TASK -
Only the lines below starting at the one that contains "5月9日(月)今日は「いじめ" and ending at the one that contains "故障现象:用户车辆未进行充电" are to be reproduced, exactly and with both ends kept.

LISTED RECORDS -

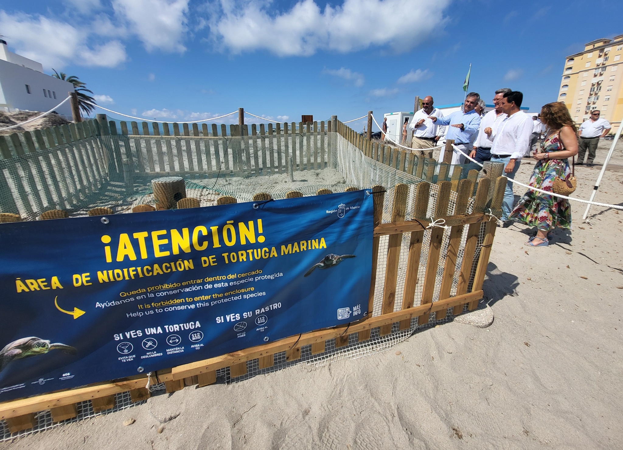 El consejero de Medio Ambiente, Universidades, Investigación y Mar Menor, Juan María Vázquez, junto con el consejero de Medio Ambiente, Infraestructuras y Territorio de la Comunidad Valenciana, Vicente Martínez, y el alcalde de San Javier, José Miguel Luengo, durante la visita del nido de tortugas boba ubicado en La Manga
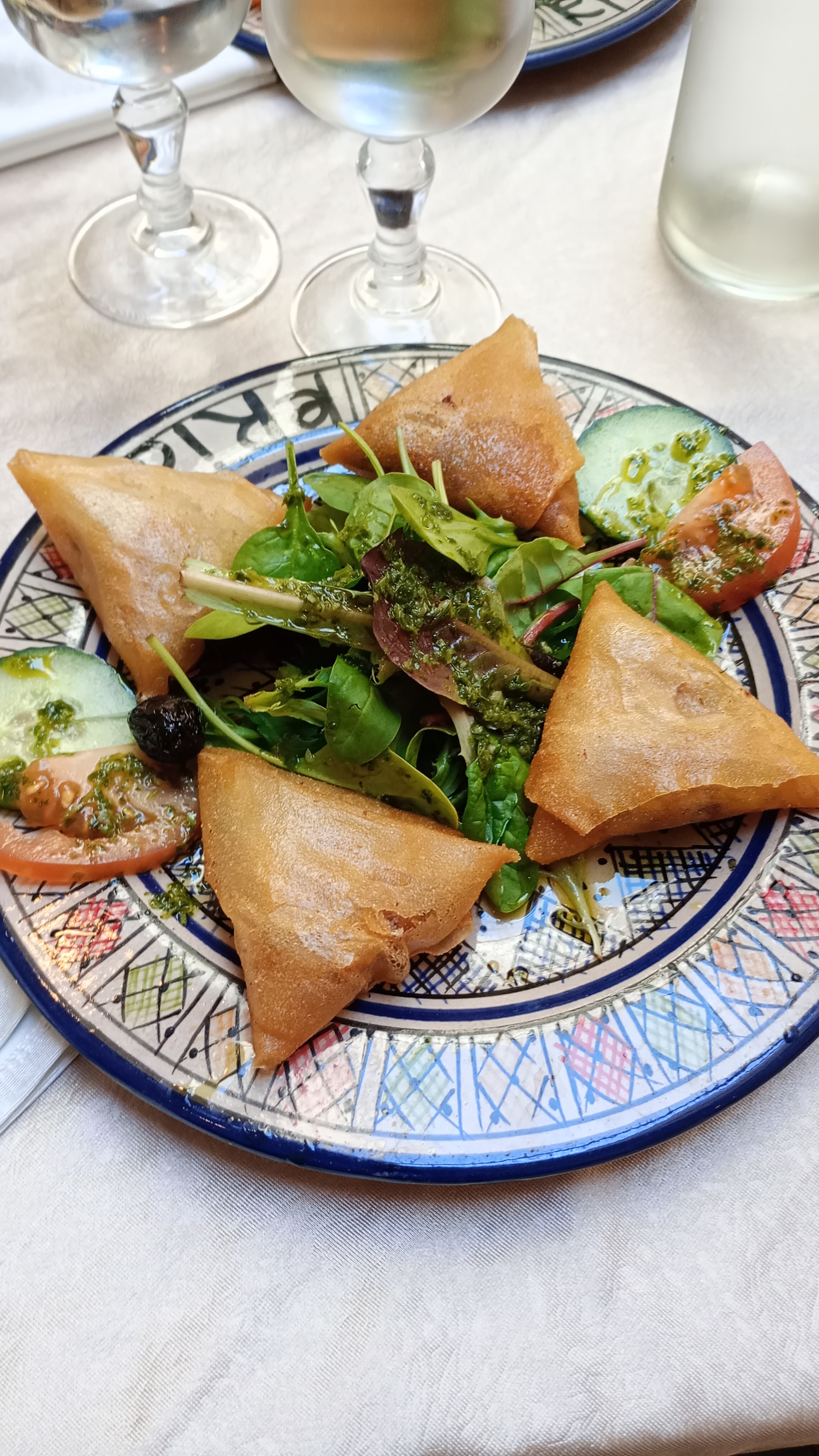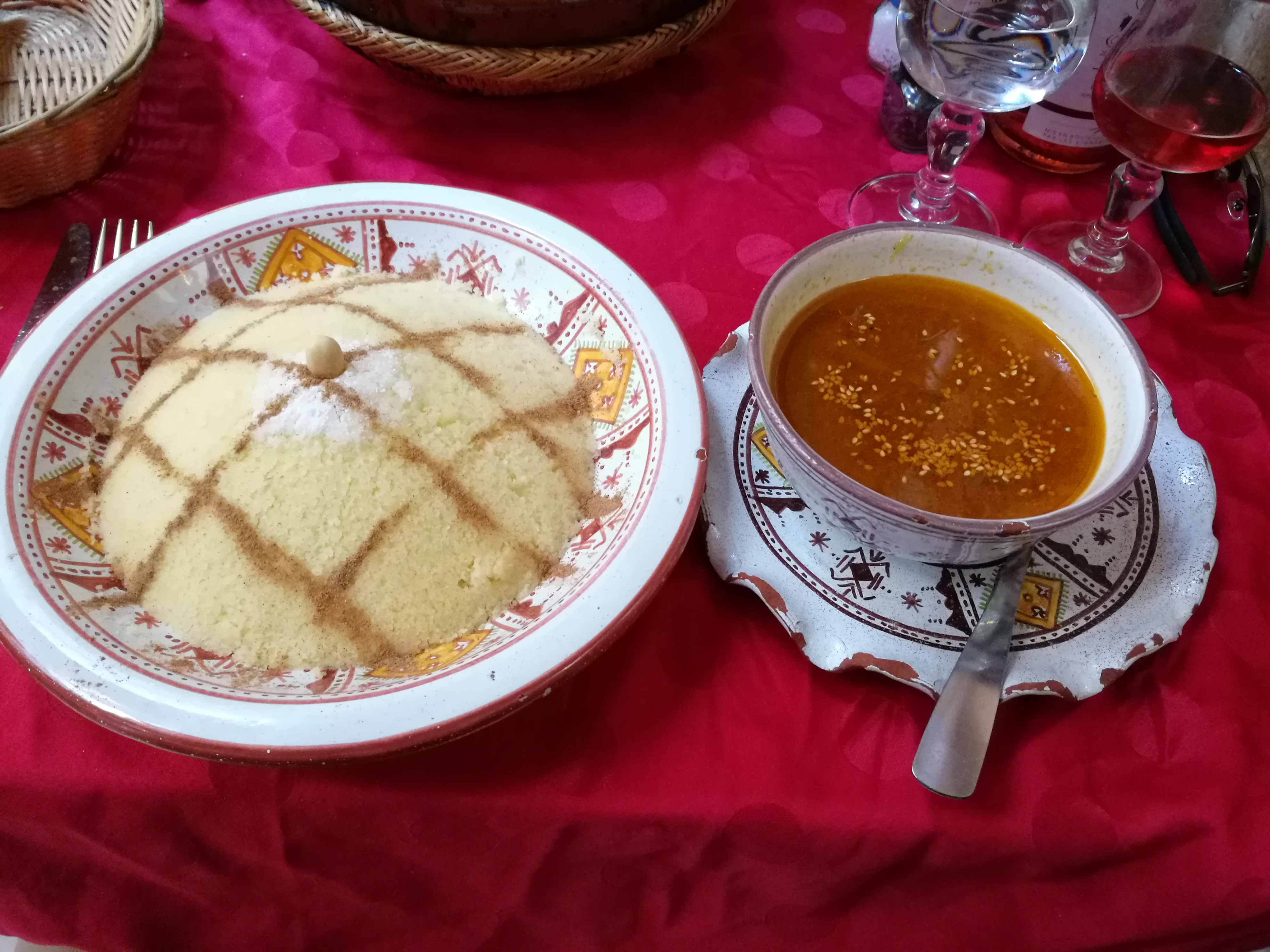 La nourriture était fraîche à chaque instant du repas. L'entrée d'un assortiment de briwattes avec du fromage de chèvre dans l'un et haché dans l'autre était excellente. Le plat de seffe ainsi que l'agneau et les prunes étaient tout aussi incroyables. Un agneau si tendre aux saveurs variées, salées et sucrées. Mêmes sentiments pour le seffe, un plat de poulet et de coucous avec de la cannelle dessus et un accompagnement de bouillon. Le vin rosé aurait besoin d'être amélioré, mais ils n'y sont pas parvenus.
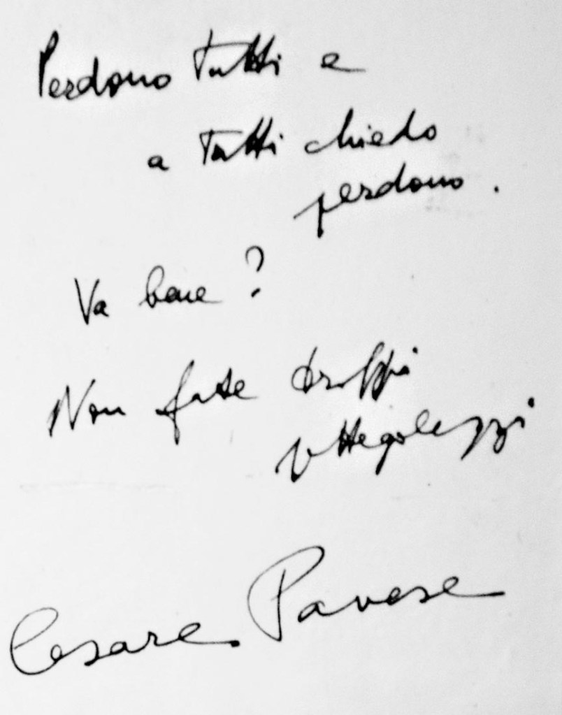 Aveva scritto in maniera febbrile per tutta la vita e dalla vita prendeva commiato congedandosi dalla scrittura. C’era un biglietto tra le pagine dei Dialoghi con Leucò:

...

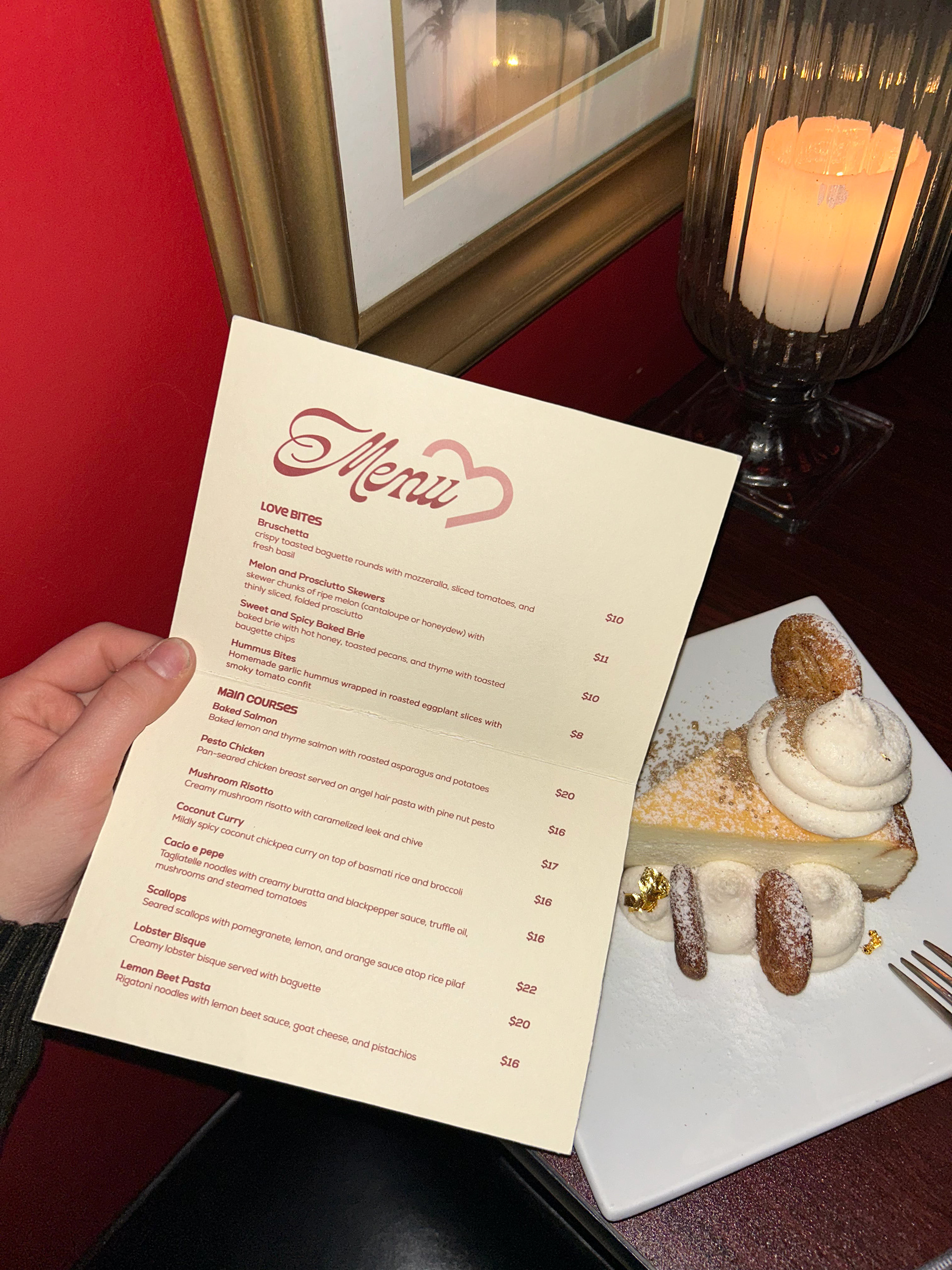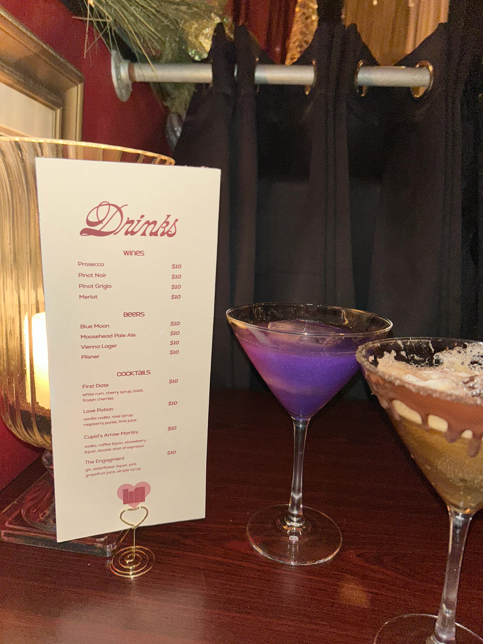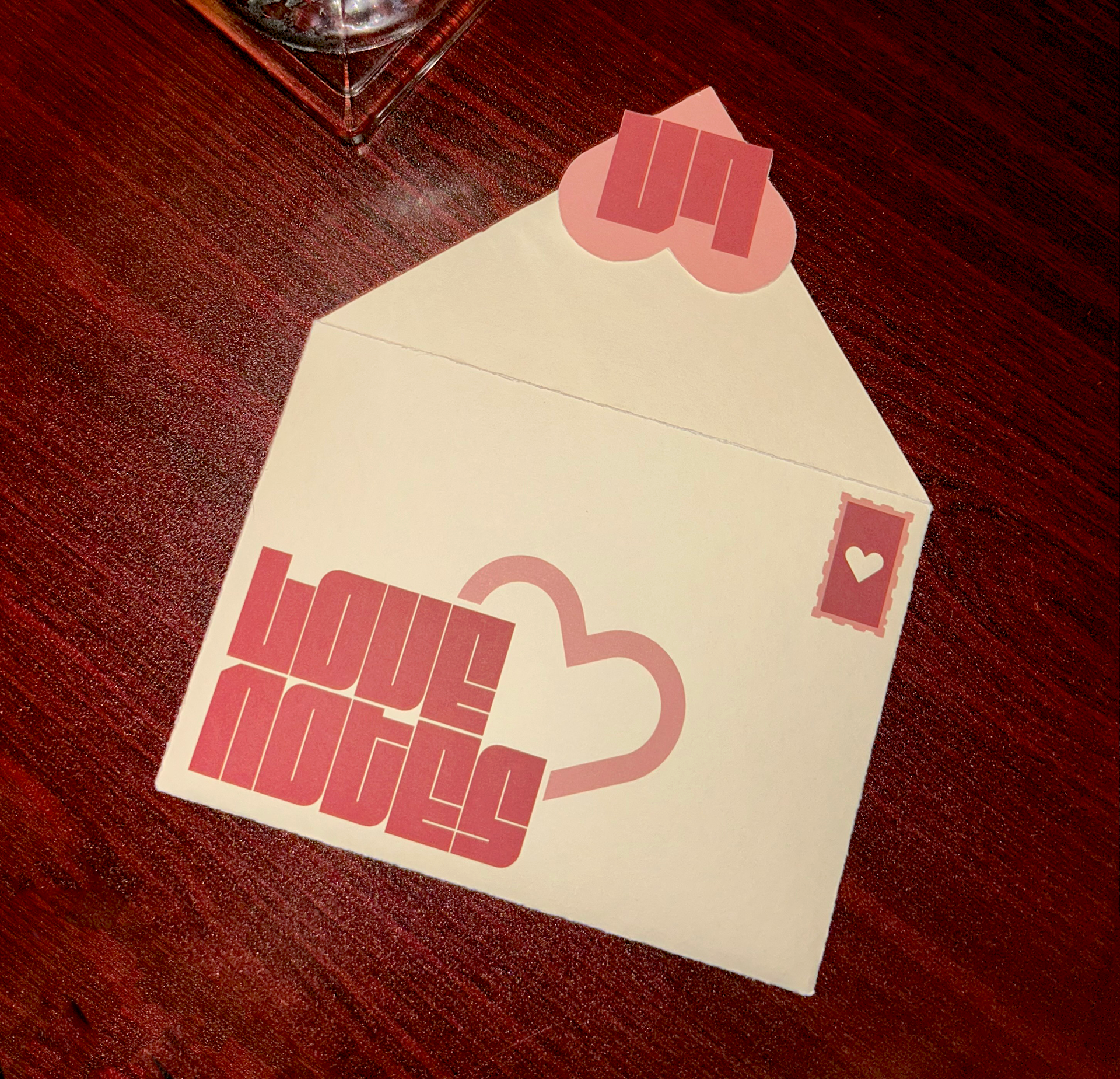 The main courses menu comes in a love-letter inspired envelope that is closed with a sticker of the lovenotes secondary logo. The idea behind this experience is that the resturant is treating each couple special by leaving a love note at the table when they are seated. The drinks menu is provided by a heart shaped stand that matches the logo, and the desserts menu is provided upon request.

* * *

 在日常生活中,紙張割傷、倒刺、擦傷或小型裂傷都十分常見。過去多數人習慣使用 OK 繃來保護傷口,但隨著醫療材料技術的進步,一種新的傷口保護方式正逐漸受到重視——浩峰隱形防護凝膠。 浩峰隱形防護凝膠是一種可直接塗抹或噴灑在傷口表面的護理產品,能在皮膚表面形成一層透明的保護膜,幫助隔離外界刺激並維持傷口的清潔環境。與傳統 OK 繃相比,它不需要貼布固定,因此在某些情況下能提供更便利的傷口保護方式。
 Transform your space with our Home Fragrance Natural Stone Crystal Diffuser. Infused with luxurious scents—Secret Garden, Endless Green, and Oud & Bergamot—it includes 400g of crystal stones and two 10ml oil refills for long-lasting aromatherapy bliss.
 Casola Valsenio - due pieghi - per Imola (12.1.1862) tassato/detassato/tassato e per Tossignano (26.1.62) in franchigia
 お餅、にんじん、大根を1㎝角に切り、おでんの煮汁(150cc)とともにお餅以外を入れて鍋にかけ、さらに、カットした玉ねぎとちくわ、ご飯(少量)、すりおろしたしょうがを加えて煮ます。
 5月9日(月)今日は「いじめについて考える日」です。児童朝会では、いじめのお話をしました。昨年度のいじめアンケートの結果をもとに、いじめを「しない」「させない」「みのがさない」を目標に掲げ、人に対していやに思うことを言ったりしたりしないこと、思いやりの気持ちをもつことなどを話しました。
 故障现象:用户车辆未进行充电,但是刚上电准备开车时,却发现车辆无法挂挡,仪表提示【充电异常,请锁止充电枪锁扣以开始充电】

REPLY TO THE TASK -
 5月9日(月)今日は「いじめについて考える日」です。児童朝会では、いじめのお話をしました。昨年度のいじめアンケートの結果をもとに、いじめを「しない」「させない」「みのがさない」を目標に掲げ、人に対していやに思うことを言ったりしたりしないこと、思いやりの気持ちをもつことなどを話しました。
 故障现象:用户车辆未进行充电,但是刚上电准备开车时,却发现车辆无法挂挡,仪表提示【充电异常,请锁止充电枪锁扣以开始充电】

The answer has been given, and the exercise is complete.